What's that in English?


----------



## Drago (23 Jun 2019)

682mph. Chuck Yaeger was right peed off.


----------



## Drago (23 Jun 2019)

I like Skol said:


> What's that in English?



6MPH


----------



## I like Skol (23 Jun 2019)

Drago said:


> 6MPH


Wtf! Is it an echo.......


----------



## ColinJ (23 Jun 2019)

I like Skol said:


> What's that in English?


89.98 km/hr!


----------



## Vantage (24 Jun 2019)

ColinJ said:


> 89.98 km/hr!



It's miles away! 
You missed me by a mile! 
OMG how many inches is that! 

Metric just doesn't work in these cases.


----------



## Phaeton (24 Jun 2019)

I did 35mph on the MTB yesterday I was in a 30mph zone & did consider overtaking a car but I couldn't catch him


----------



## CXRAndy (24 Jun 2019)

ColinJ said:


> 89.98 km/hr!



~56 MPH ​


----------



## I like Skol (24 Jun 2019)

CXRAndy said:


> ~56 MPH ​


Oh, it sounded seriously fast in Km/hr. Maybe that is why some Brits use the foreign measurements, so distances and speeds sound more impressive?


----------



## classic33 (24 Jun 2019)

Vantage said:


> It's miles away!
> You missed me by a mile!
> OMG how many inches is that!
> 
> Metric just doesn't work in these cases.


63363.


----------



## ColinJ (24 Jun 2019)

I like Skol said:


> Oh, it sounded seriously fast in Km/hr. Maybe that is why some Brits use the foreign measurements...


That makes you sound about 89 years old... I was taught solely in the metric system from the age of 11, and that was way back in 1967!


----------



## Phaeton (24 Jun 2019)

ColinJ said:


> That makes you sound about 89 years old... I was taught solely in the metric system from the age of 11, and that was way back in 1967!


Interesting, I was 7 in 1967 & we were taught Imperial, never really touched Metric other than to be told it was the same but different


----------



## classic33 (24 Jun 2019)

ColinJ said:


> That makes you sound about 89 years old... I was taught solely in the metric system from the age of 11, and that was way back in 1967!


Taught both, but stuck with the older system.

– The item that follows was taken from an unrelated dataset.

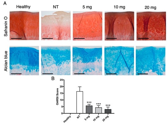 Histologic evaluation of bevacizumab on articular cartilage morphology. (A) Safranin O and Alcian blue staining of articular cartilage. The NT group showed the most evident degenerative changes, with reduced staining intensity, surface disruption, and chondrocyte loss. Otherwise, groups treated with bevacizumab displayed fewer osteoarthritic alterations. Scale bars = 200 μm. (B) The OARSI score calculated for the Safranin O–fast green cartilage sections confirmed these findings, with significantly decreased values for the groups injected with bevacizumab. *** p < 0.001, bevacizumab 5, 10, and 20 mg compared to the NT group. Data are expressed as mean ± SD. NT = not treated.
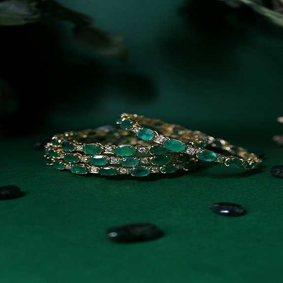 Zambian emeralds interspersed with diamonds, these bangles will surely add an emerald glow to your outfit.

Not that new fangled metric system.


----------



## classic33 (24 Jun 2019)

Vantage said:


> It's miles away!
> You missed me by a mile!
> OMG how many inches is that!
> 
> Metric just doesn't work in these cases.


Give them a centimetre and they'll take a metre doesn't sound right either.


----------



## I like Skol (24 Jun 2019)

Taught metric, but many measurements were (and still are) in imperial. I think fuel only stopped being sold in gallons in the late 80s? Food was sold in lbs, distance and speed is still measured in miles and mph. Milk was and still is in pints, although this is getting rarer. Beer is sold in pints.
I am very much a child of the metric system, born in 1973, but imperial measurements are still the official recognised units for various items and I will rightly continue to use them until they are replaced, it avoids any ambiguity....
'Now fast were you going?'
'56'
'56 what?'


----------



## Oldfentiger (24 Jun 2019)

Smokin Joe said:


> The same happens with full face motorcycle helmets, which is why earplugs are commonly worn by bikers. There is little or no wind noise with open face or no helmet at all.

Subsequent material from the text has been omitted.